Weddings are a wonderful milestone that can also affect your taxes.
In some cases, like your filing status, this could mean tax savings. So after the "I do's," cake-cutting, and honeymoon, make sure to sit down and tackle these three tax tasks together.
Remember: if you marry by December 31, you're considered married for the whole year for tax purposes.
Here's what to know.
Personal info changes
If you plan to change your name after your marriage, make sure to report that to the Social Security Administration. That's because the name on your tax return must match what the SSA has on file for you. If. the names don't match, any tax refund owed to you could be delayed.
To officially change your name, file Form SS-5, Application for a Social Security Card. You can find it on SSA.gov, by calling 800-772-1213, or at a local SSA office.
If you're changing where you live after your wedding, let the Internal Revenue Service (IRS) and U.S. Postal Service (USPS) know.
You should consider changing how much federal taxes are withheld from each of your paychecks after getting married. If you're newly married, you must give your employer a new Form W-4 that you use to adjust your withholdings within 10 days.

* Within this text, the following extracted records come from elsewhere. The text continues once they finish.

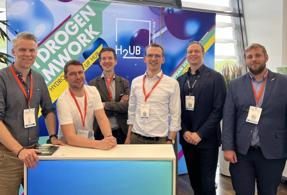 - Community get-together at the H2UB booth with Azure H2, ARTHUR, H2Pro, HY.AIR Energy GmbH and Southern Lights – many participants came by to learn more about the innovative power of H2 start-ups
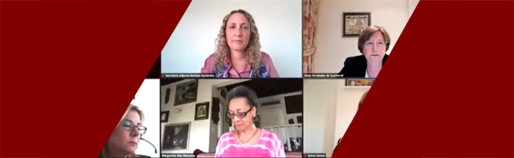 Las panelistas fueron Alejandra Mora Mora, Secretaria Ejecutiva de la Comisión Interamericana de Mujeres; Maria-Noel Vaeza, Directora Regional de ONU Mujeres para las Américas y el Caribe, Vanessa Ruiz, Presidenta de la Asociación Internacional de Mujeres Juezas; Viviana Krsticevic, Integrante del secretariado de la campaña Gqual, y Julissa Mantilla, Comisionada de la Comisión Interamericana de Derechos Humanos. Moderó el panel la Secretaria Adjunta de la Corte Interamericana, Romina Sijniensky.
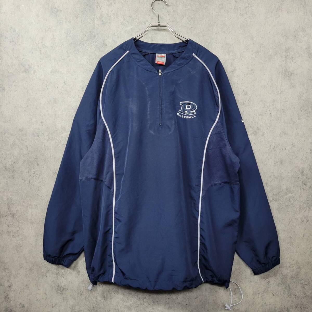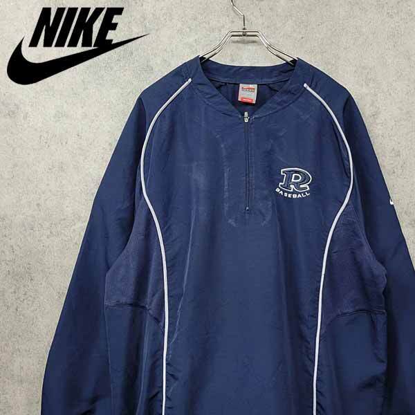【古着】ナイキ ベースボール 刺繍 ナイロンジャケット ネイビー XL
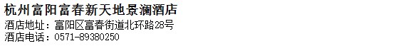 酒店地址:杭州 富陽區 富春街道北環路28號
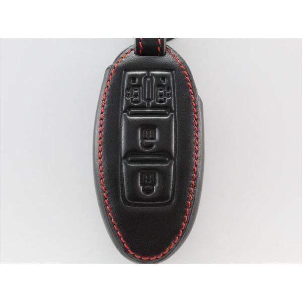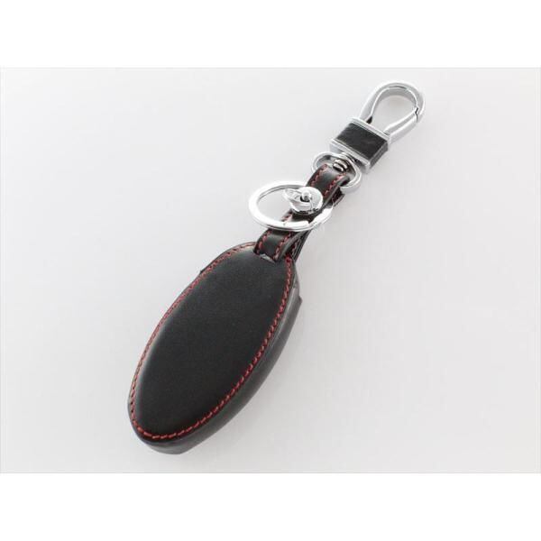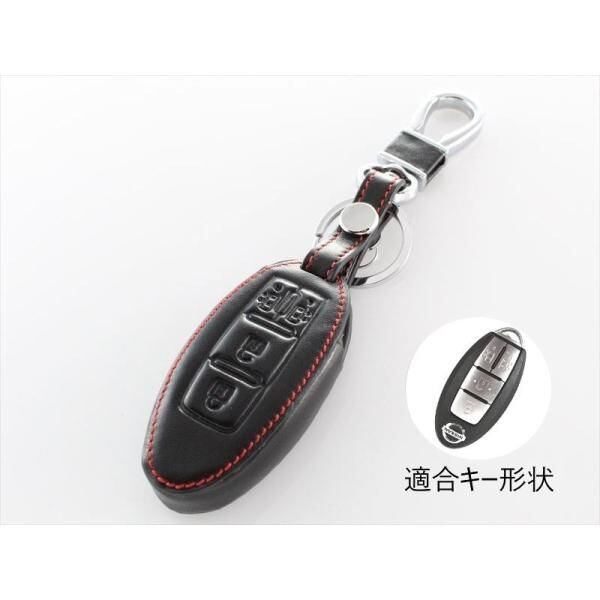 商品名:ニッサン 本革 キーケース ブラックレザー×レッドステッチ 両側スライド セレナ C25 C26 C27 エルグランドなど スマートキー キーカバー キーホルダー
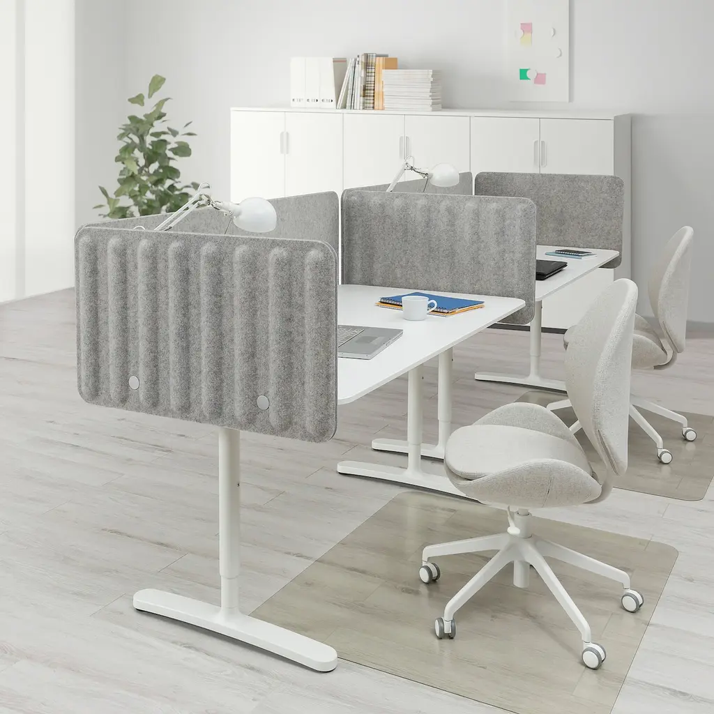 BEKANT Desk with screen - white/gray 126x31 1/2 18 7/8 ". The melamine surface is durable, stain resistant and easy to keep clean. Deep table top gives a generous work surface and lets you sit at a comfortable distance from the computer monitor. Holds push pins and can be used as a noticeboard.
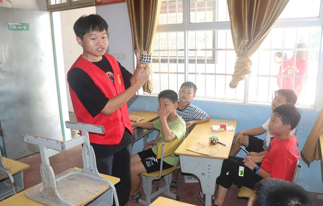 在支教過(guò)程中,在五步拳和籃球教學(xué)過(guò)程中,孩子們雖然動(dòng)作生澀,但現(xiàn)場(chǎng)教學(xué)歡笑聲此起彼伏,同學(xué)們學(xué)的不亦樂(lè)乎。同時(shí),孩子們對(duì)魔方、象棋課程非常感興趣,紛紛投入到課堂里,認(rèn)真聆聽(tīng)老師們講授,整個(gè)課堂充滿濃厚、歡快的學(xué)習(xí)氛圍。
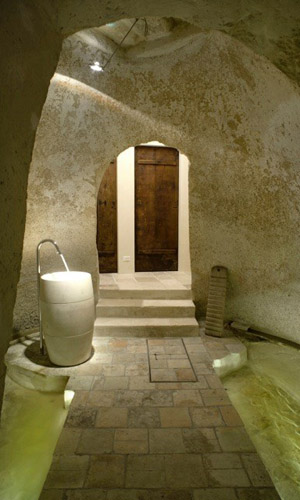La magia si scorge proprio nell’essere completamente avvolti dalla pietra che si trasforma e modella in parete, soffitto e seduta.
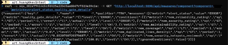 curl -u squ_302e77414cbcfd425a22bc0aebb67c7323e39c1e: -X GET "http://localhost:9090/api/measures/component?component=projectKey&metricKeys=alert_status,quality_gate_details"
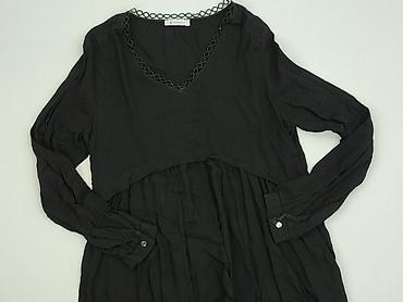Bluzka damska z długim rękawem, czarna, z koronkowym wykończeniem u dołu. - Krój: lekko rozkloszowany dół, półokrągły dekolt, asymetryczne wycięcie z koronką na brzegu (z przodu i z tyłu). - Rękaw...
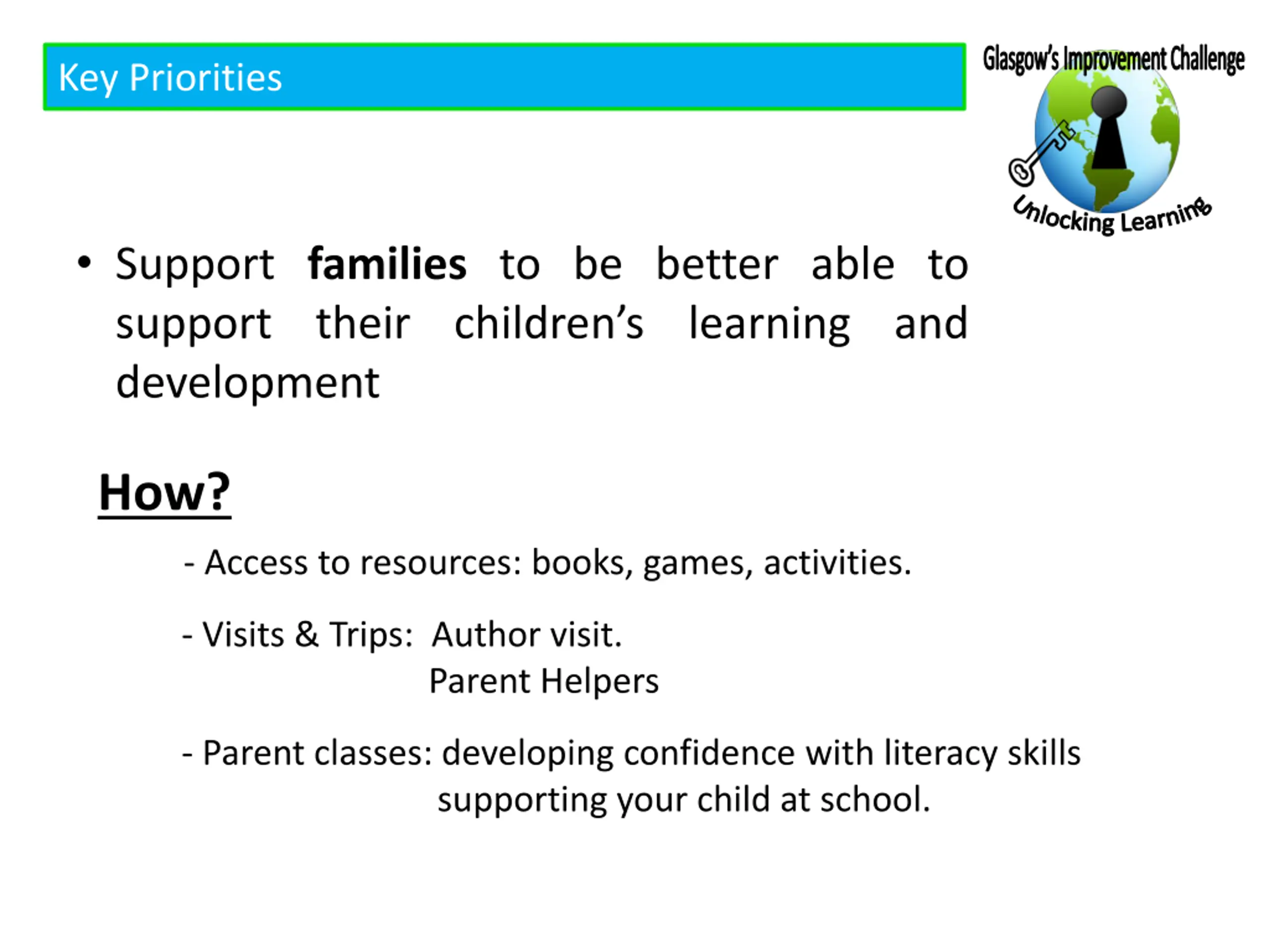 Glasgows Improvement Challenge Key Priorities Unlocking Learning Support families to be better able to support their children s learning and development How? - Access to resources: books, games, activities. - Visits & Trips: Author visit. Parent Helpers - Parent classes: developing confidence with literacy skills supporting your child at school.

If both you and your spouse work, you may fall into a higher tax bracket and/or must pay the additional Medicare tax.
To find out how much you should withhold in taxes, use the Tax Withholding Estimator on IRS.gov to help complete Form W-4. The tool also allows you to adjust your withholdings, so you get a certain tax refund next year. For more information, review Publication 505 on tax withholding and estimated tax.
After you're married, you can file your taxes either jointly or separately each year. Typically, filing jointly is more advantageous for the following reasons:
In 2021, you only receive a standard deduction of $12,550 if you file separately, while you get $24,800 if you file jointly.
You are disqualified from several tax deductions and credits if you file separately.
Other deductions, like the IRA contribution deduction and the capital loss deduction, are more limited for separate filers.
In some rare instances, it may be better to file separately, such as when you have a large amount of medical expenses. By filing separately, it may be easier to reach the threshold that allows you to deduct those expenses.